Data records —
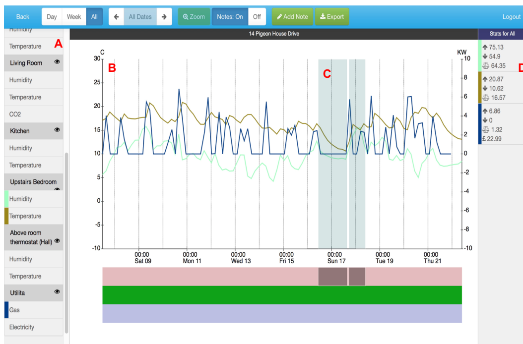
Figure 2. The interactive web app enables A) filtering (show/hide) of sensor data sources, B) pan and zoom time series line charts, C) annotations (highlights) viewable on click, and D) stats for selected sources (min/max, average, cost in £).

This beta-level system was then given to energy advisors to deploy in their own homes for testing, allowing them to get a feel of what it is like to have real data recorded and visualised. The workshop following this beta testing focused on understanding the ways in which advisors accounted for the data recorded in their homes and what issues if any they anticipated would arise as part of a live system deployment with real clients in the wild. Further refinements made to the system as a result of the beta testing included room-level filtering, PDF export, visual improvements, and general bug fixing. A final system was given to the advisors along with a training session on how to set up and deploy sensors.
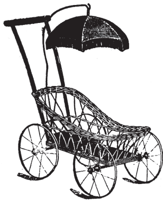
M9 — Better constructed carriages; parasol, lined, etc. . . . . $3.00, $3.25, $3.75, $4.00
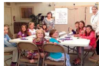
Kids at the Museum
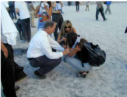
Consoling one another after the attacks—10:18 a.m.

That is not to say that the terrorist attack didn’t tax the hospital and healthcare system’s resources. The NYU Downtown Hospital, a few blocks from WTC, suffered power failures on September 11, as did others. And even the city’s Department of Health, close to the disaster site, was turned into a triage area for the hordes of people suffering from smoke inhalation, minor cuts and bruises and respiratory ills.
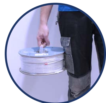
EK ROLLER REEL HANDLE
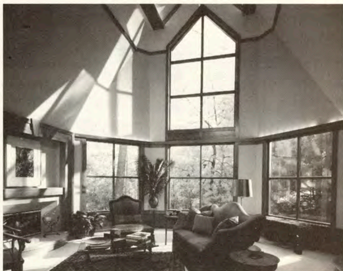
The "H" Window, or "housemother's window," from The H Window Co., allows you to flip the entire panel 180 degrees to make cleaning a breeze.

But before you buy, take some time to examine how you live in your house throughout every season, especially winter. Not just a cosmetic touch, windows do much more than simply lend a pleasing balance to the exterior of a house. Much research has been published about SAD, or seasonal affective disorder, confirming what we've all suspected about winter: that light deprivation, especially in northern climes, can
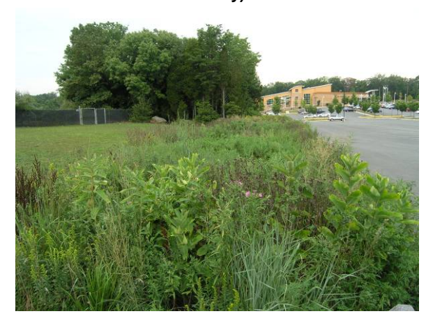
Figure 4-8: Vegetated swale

To do —
Transcribe, word for word, the stretch of lines in the data above from the one with "EK ROLLER REEL HANDLE" through the one with "cleaning a breeze."; omit all pictures.

Answer box —
EK ROLLER REEL HANDLE
The "H" Window, or "housemother's window," from The H Window Co., allows you to flip the entire panel 180 degrees to make cleaning a breeze.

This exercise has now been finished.